LINE-1 retrotransposon methylation in chorionic villi of first trimester miscarriages with aneuploidy.

J Assist Reprod Genet 2021 Jan 10;38(1):139-149. Epub 2020 Nov 10.

Research Institute of Medical Genetics, Tomsk National Research Medical Center, Nab. R. Ushaiki, 10, Tomsk, Russia.

Purpose: High frequency of aneuploidy in meiosis and cleavage stage coincides with waves of epigenetic genome reprogramming that may indicate a possible association between epigenetic mechanisms and aneuploidy occurrence. This study aimed to assess the methylation level of the long interspersed repeat element 1 (LINE-1) retrotransposon in chorionic villi of first trimester miscarriages with a normal karyotype and aneuploidy.

Methods: The methylation level was assessed at 19 LINE-1 promoter CpG sites in chorionic villi of 141 miscarriages with trisomy of chromosomes 2, 6, 8-10, 13-15, 16, 18, 20-22, and monosomy X using massive parallel sequencing.
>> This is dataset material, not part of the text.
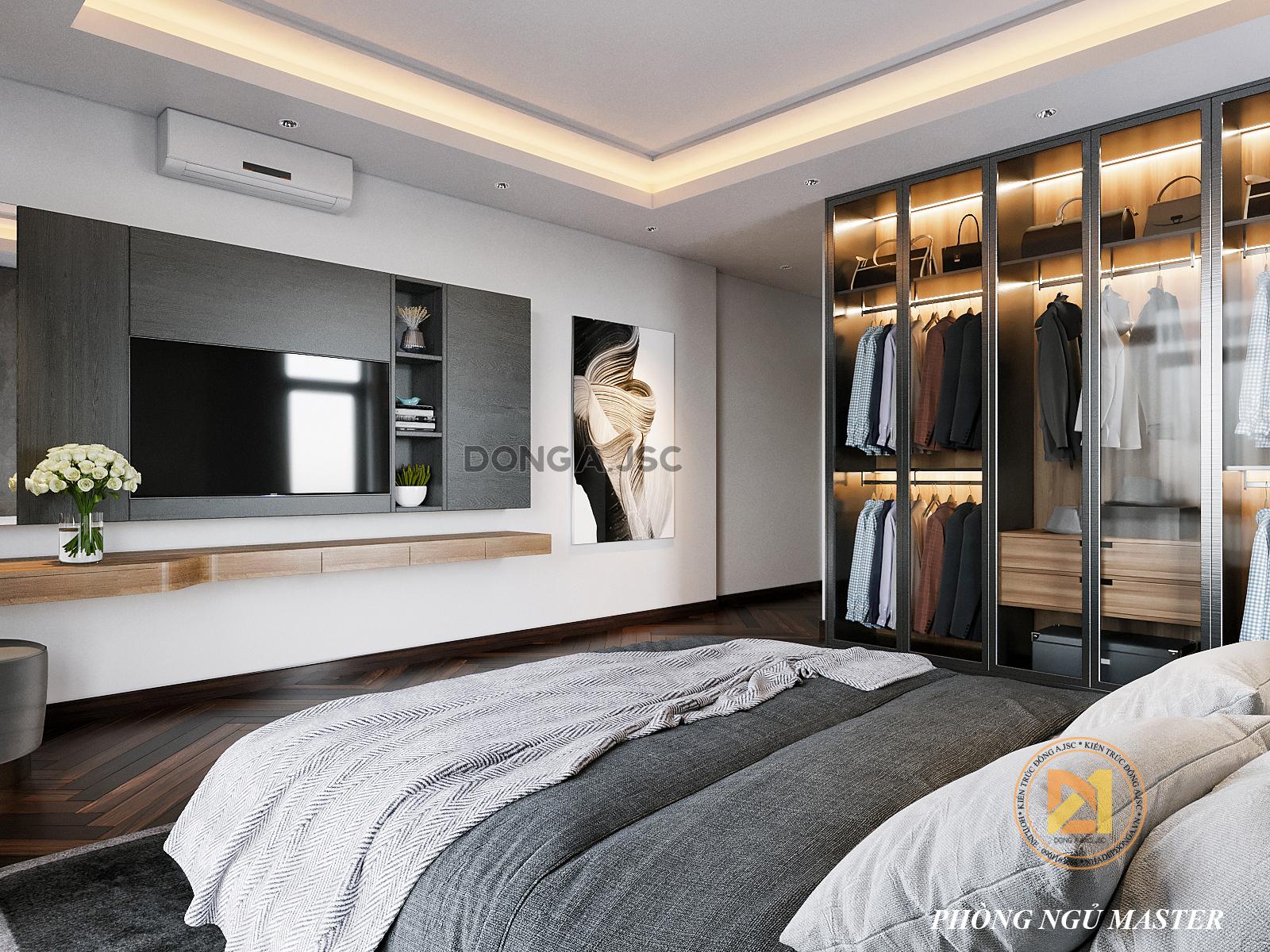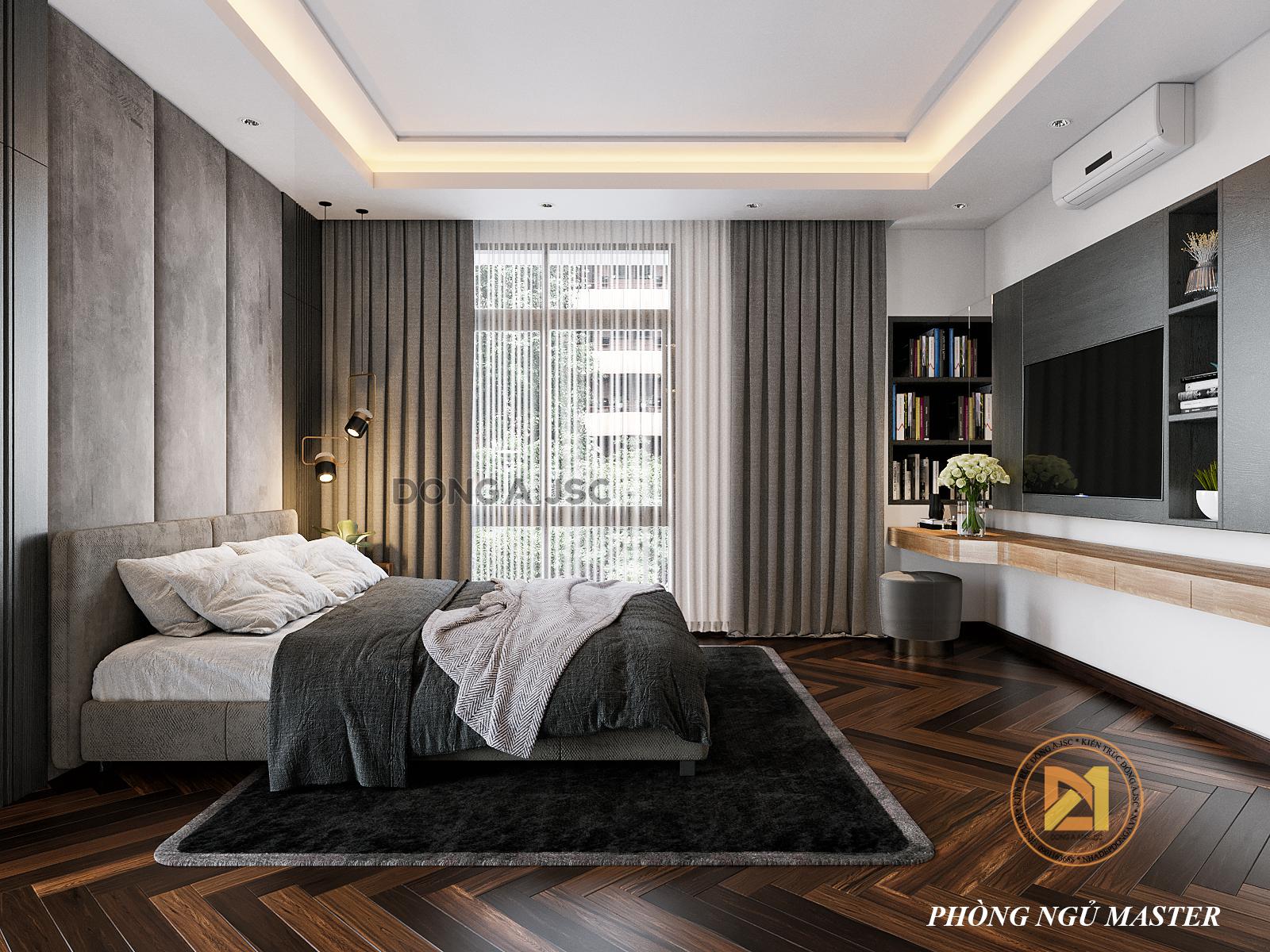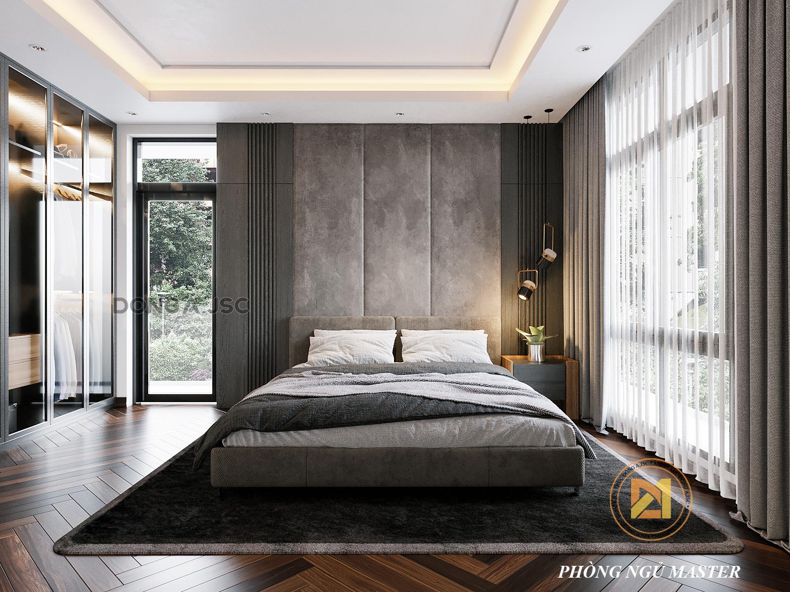 Thiết kế nội thất phòng ngủ biệt thự theo phong cách hiện đại, các chi tiết được tối giản tập trung và công năng sử dụng và tối ưu diện tích đáp ứng nhu cầu riêng và cá tính riêng của từng thành viên gia đình.

Results: The LINE-1 methylation level was elevated statistically significant in chorionic villi of miscarriages with both trisomy (45.2 ± 4.3%) and monosomy X (46.9 ± 4.2%) compared with that in induced abortions (40.0 ± 2.4%) (p < 0.00001). The LINE-1 methylation levels were specific for miscarriages with different aneuploidies and significantly increased in miscarriages with trisomies 8, 14, and 18 and monosomy X (p < 0.05). The LINE-1 methylation level increased with gestational age both for group of miscarriages regardless of karyotype (R = 0.21, p = 0.012) and specifically for miscarriages with trisomy 16 (R = 0.48, p = 0.007). LINE-1 methylation decreased with maternal age in miscarriages with a normal karyotype (R = - 0.31, p = 0.029) and with trisomy 21 (R = - 0.64, p = 0.024) and increased with paternal age for miscarriages with trisomy 16 (R = 0.38, p = 0.048) and monosomy X (R = 0.73, p = 0.003).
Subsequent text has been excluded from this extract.